United States Court of Appeals, Fifth Circuit. Unit A
Jan 26, 1981
635 F.2d 351 (5th Cir. 1981)

Summary

In Proler the court held that the evidence was insufficient to show that an economic work stoppage was converted to an unfair labor practice strike where the record showed that a company vice-president told employees that if they did not return to work they would lose their jobs.

Summary of this case from N.L.R.B. v. Champ Corp.

Opinion

No. 79-3158.

January 26, 1981.

Elliott Moore, Deputy Associate General Counsel, J. Keith Gorham, Robert G. Sewell, N.L.R.B., Washington, D.C. for petitioner.

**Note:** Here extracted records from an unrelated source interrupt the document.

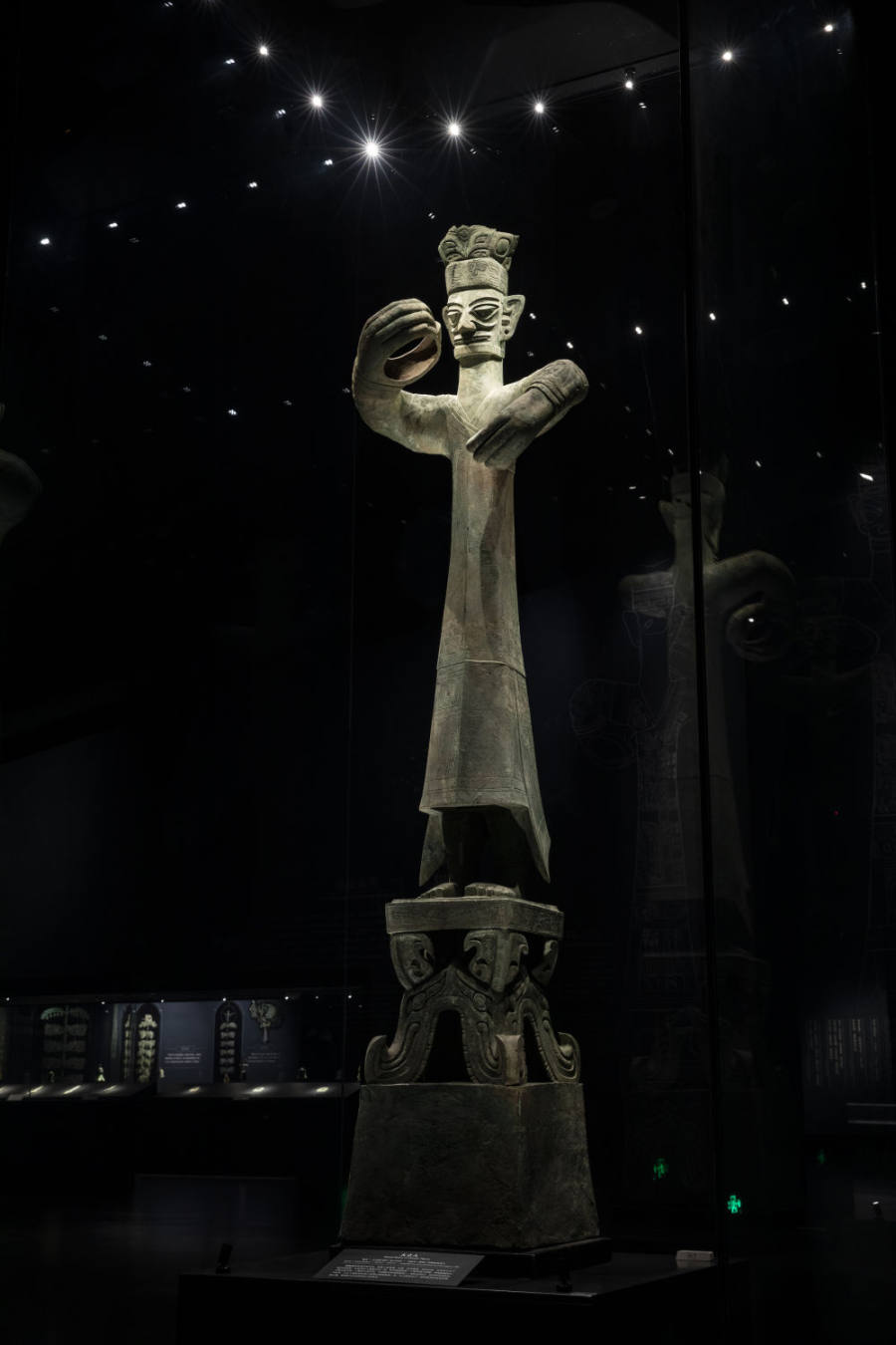 1986年2号“祭祀坑”出土的“青铜大立人”人像高达一米八,加上基座通高约两米六,被称为“东方巨人”。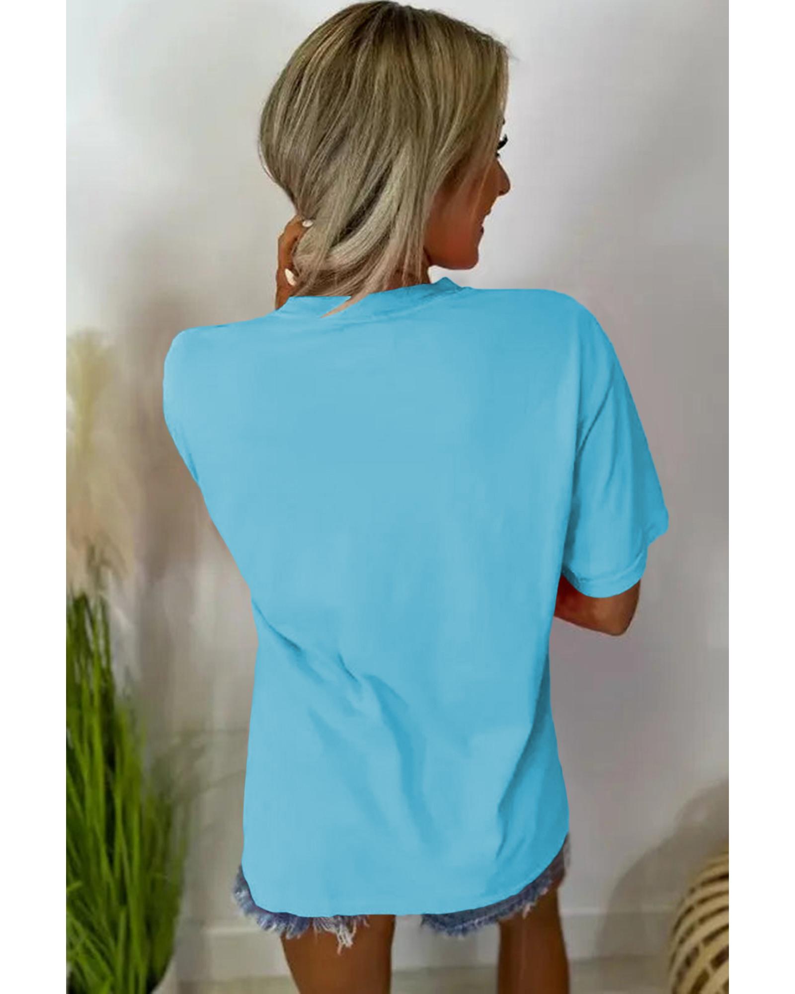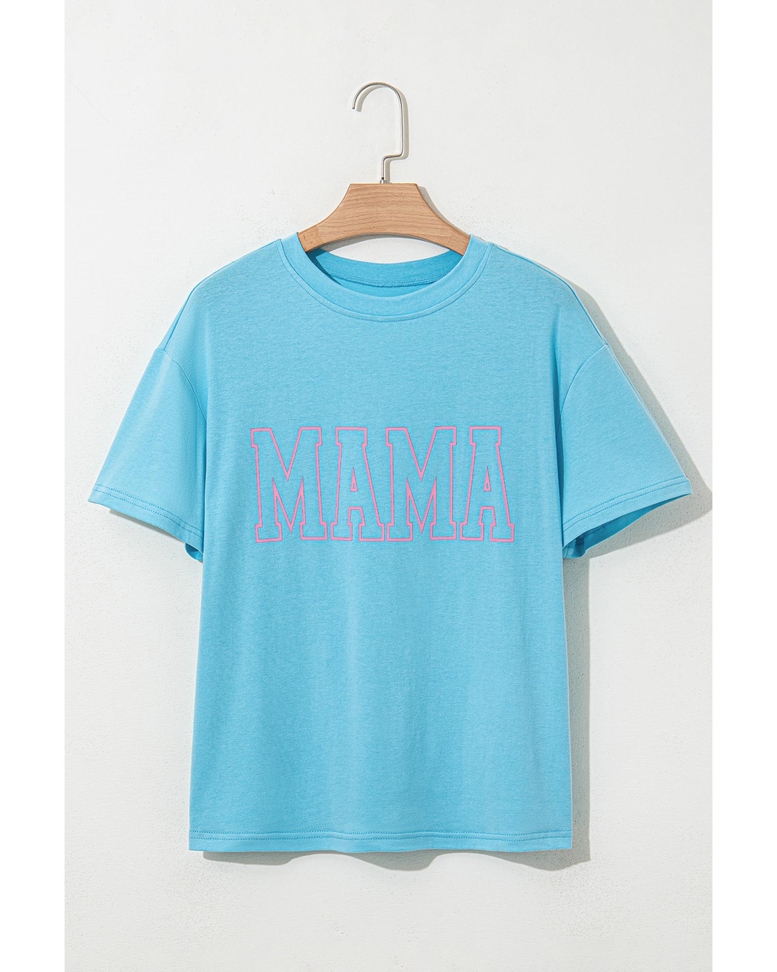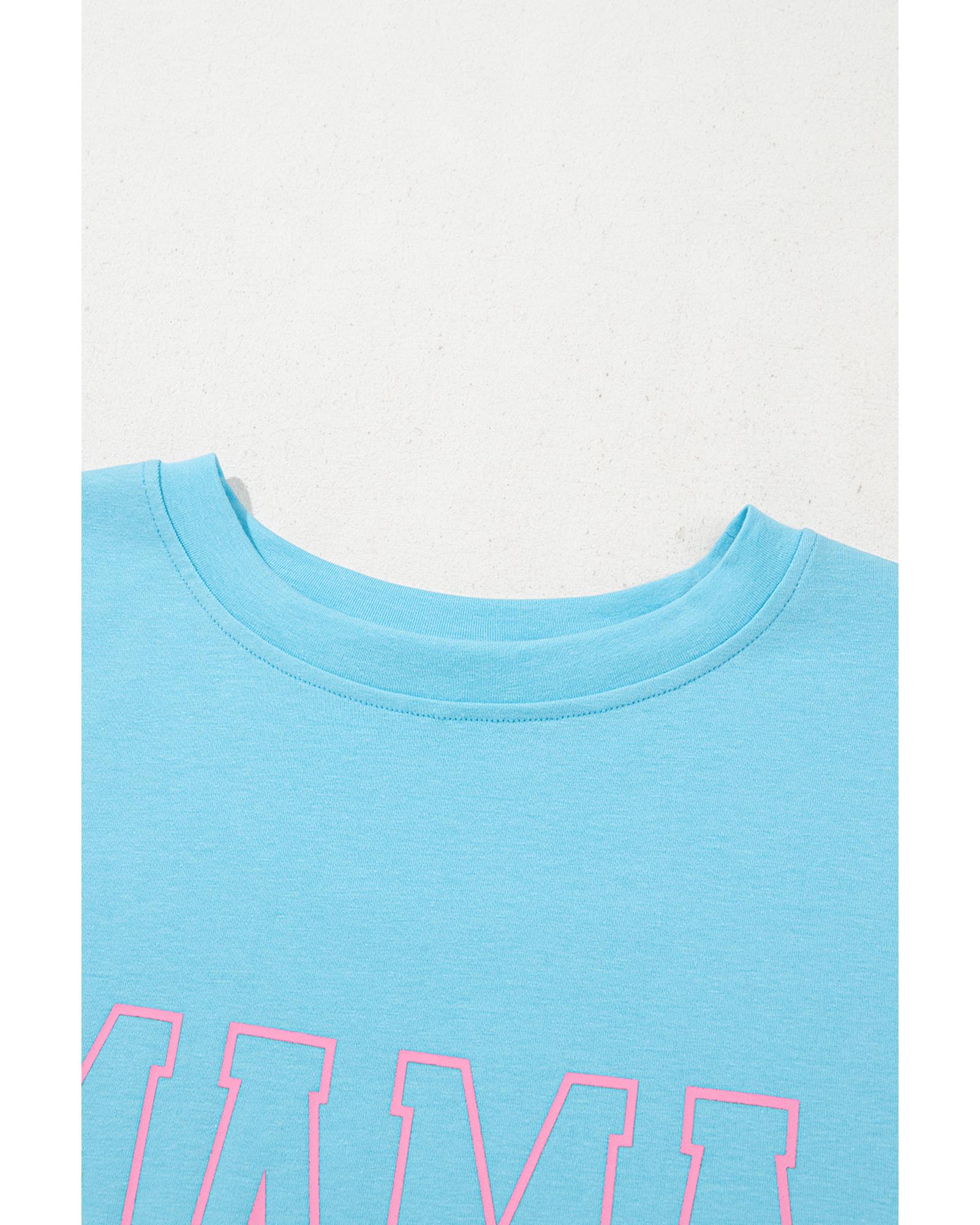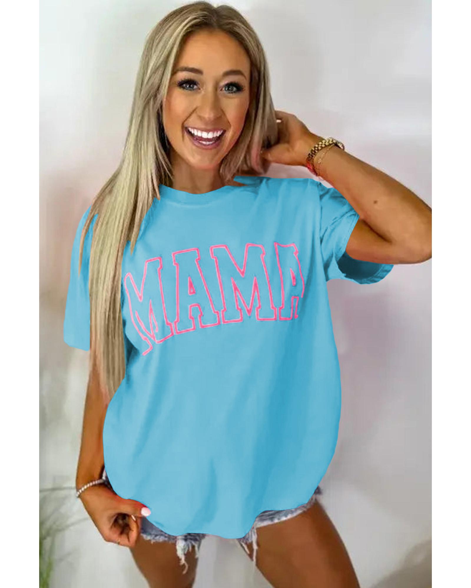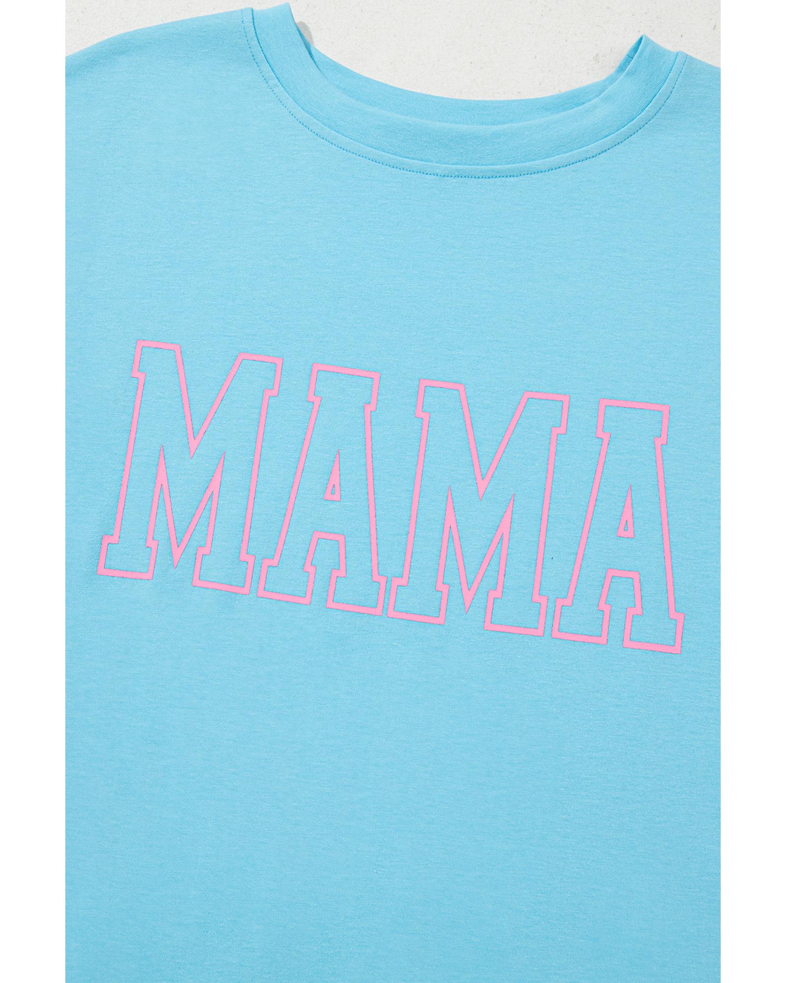 • Light Blue MAMA Letter Graphic Neon T Shirt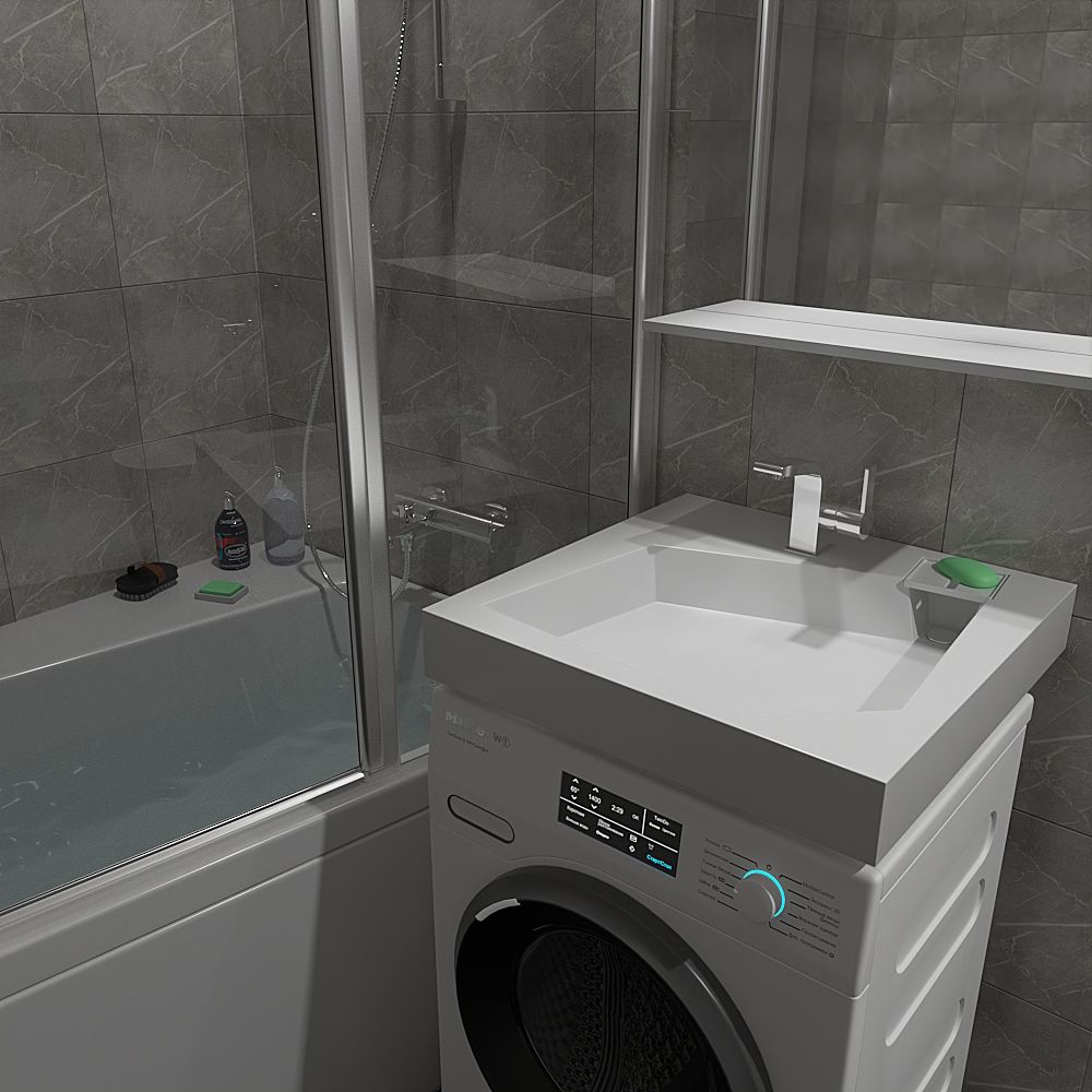 —Раковина из искусственного камня Altasan QUADRO UPP60QUADROs 60х60 над стиральной машиной цвет белый 1 отверстие под смеситель

Fulbright Jaworski, A. J. Harper, II, Brian S. Greig, L. G. Clinton, Jr., Houston, Tex., for respondent.

Application for Enforcement of an Order of the National Labor Relations Board.

Before WISDOM, AINSWORTH and GEE, Circuit Judges.


Proler International Corporation is a scrap iron salvage company. Its Houston plant employs between 200 and 250 persons. During the first six months of 1978 Proler workers filed a number of complaints with the National Labor Relations Board against the company arising out of a strike and a union organizational campaign. After a two-day trial, an administrative law judge determined that the company had committed a variety of unfair labor practices — including threats, interrogations, and discriminatory discharges — in violation of section 8(a)(1) and (3) of the National Labor Relations Act, 29 U.S.C. § 158(a)(1) and (3). The Board adopted the ALJ's findings with some minor exceptions and ordered the company to cease and desist from interfering "in any other manner" with the rights of its employees, to reinstate with back pay all discriminatorily discharged employees, and to post appropriate notices at its plant. The Board now seeks enforcement of these orders. We enforce in part, vacate in part, and remand to the Board for further factual findings.

I.

Around eight in the morning of January 18, 1978, about 20 Proler truckdrivers met in the company conference room to discuss their complaints about working conditions with a company vice-president, Sam Oliver. Oliver stated that he was only a vice-president, not the owner, and that he could not negotiate with the employees at that time. He advised them to return to work or go home, and left the room. The employees went across the street to a roadside diner where they constructed picket signs and discussed the future strategy to be pursued. Within an hour, Oliver went to the diner and talked with the leader of the group, Leroy Stubbs, in an effort to convince the men to return to work. As Oliver left he told Stubbs that unless the men returned to work by 10:30 they would lose their jobs. Oliver and the striking employees continued to communicate with each other for the remainder of the day, and even met once again in Oliver's office. The drivers did not return to work that day and did not unconditionally offer to return to work until January 31, 1978.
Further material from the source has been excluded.